И Евлампий вышел сразу за ним следом. И так он проводил его до самого крыльца. На крыльце Маркел остановился, дохнул воздуху: воздух во дворе был чистый и его там было много, дыши сколько хочешь, – и вдруг оборотился к Евлампию и так же вдруг спросил:
– А какой этот Андрюшка из себя?
– А, – сказал Евлампий, – мордатый такой, краснощекий и круглый, как репка.
– И невысокий? – спросил Маркел.
– Да, – сказал Евлампий и тут же спросил: – А что?
– А чтобы узнать его, когда увижу, – сказал Маркел.
– А! – опять сказал Евлампий. – Это запросто. Авласка завтра выведет.
– Тогда, – сказал Маркел, – до завтрева.
– До завтрева, до завтрева, – с улыбочкой сказал Евлампий и при этом даже поклонился.
А Маркел уже пошел к воротам. И было тогда уже почти темно.
Но Маркел шел быстро, и поэтому, когда он подошел к церкви (церквушке) Николы Подстенного, ее еще не успели закрыть. Маркел сразу вошел туда, там было очень сумрачно, только от свечей было немного света. Маркел вытащил три старые копейки-новгородки и одну просунул в кружку, а две отдал дьячку. Дьячок дал свечку, а после еще одну (потому что Маркел держал руку), и Маркел опять поставил одну свечку за упокой души невинно убиенного отрока Димитрия, а вторую – святому Николе для поставления на ум. Святой Никола морщил лоб, в церкви, кроме Маркела и дьячка, никого больше не было. Маркел стоял (на коленях, конечно) напротив святого Николы и ни о чем не думал и не спрашивал и даже не загадывал, а просто смотрел на образ. А дьячок сперва ушел куда-то, после вернулся и начал вначале прибираться, а после мести пол. Маркела он обмел с опаской. Маркел стоял (как и раньше, на коленях) неподвижно. После встал, еще раз перекрестился и вышел.

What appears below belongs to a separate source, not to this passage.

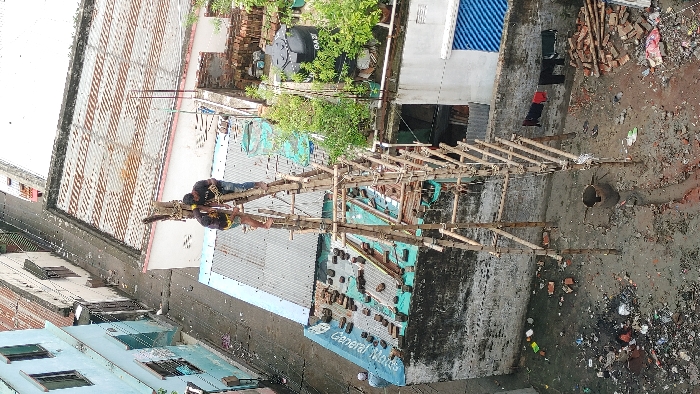 An elevated view captures an urban scene in Narayanganj, Bangladesh. In the foreground, two adult males are positioned at the apex of a tall, rudimentary scaffolding constructed from bamboo poles, secured with rope. The individual on the left wears a black t-shirt with yellow accents and dark shorts, while the individual on the right wears a black t-shirt and blue jeans. Both are actively manipulating a thick, rough-hewn wooden pole at the top of the structure. No safety equipment is visible on either individual. The scaffolding is erected on a muddy ground littered with diverse refuse, including plastic debris, brick fragments, and general waste. A dark metal bucket is partially embedded in the ground directly beneath the scaffolding, with a shallow trench extending from it. In the lower right, dark garments hang on a clothesline against a weathered wall, with scattered footwear and additional piles of bricks nearby. To the left of the scaffolding, a low-rise building features a corrugated metal roof, partially covered in a green tarp or paint, with numerous loose bricks scattered across its surface. A partial sign reading "General Works" is visible on the building's side. A third individual, wearing a light blue top and a white cap, is visible near the edge of this roof, facing away from the primary activity. Further left, a light blue multi-story building with dark-framed windows lines a narrow, debris-strewn alleyway. To the right of the scaffolding, a building with a flat concrete roof supports a black water tank labeled "GAZI" and several potted plants. The sky above is overcast, casting a diffused light on the scene.

На дворе было уже совсем темно, но тихо не было, а с разных сторон слышались разные голоса и шумы. Маркел перешел через мост, где его сразу пропустили, потому что узнали, а дальше прошел по кремлю и дальше его также почти сразу пропустили на внутренний двор, а дальше он уже совсем просто зашел к себе в их бывшую холопскую. Там было совсем темно, как в погребе, только от лампадки было немного света, и в этом малом свете Маркел увидел, что у них которые уже лежат по лавкам и спят, а которых еще нет на месте, и еще за столом кто-то спит, положив голову на руки прямо посреди закусок. Маркел подошел ближе и увидел, что это Ефрем-палач в своей знаменитой красной рубахе, подарке грозного царя Ивана Васильевича. Дурная примета, подумал Маркел, садясь на свою лавку, палач пьяный за столом на Троицу – это быть завтра кому-то убитым, а то и двоим, ну или послезавтра в крайнем случае. Вот с такой мыслью Маркел лег, перекрестился, закрыл глаза и не уснул, а лежал и представлял себе разное, по большей части то, как его могли убить в кабацком подвале и там же закопать, но Господь Бог не дал, слава Ему, Спасу нашему! Подумав так, Маркел опять перекрестился, а после опять задумался, теперь уже о разном, вразнобой, и так мало-помалу заснул.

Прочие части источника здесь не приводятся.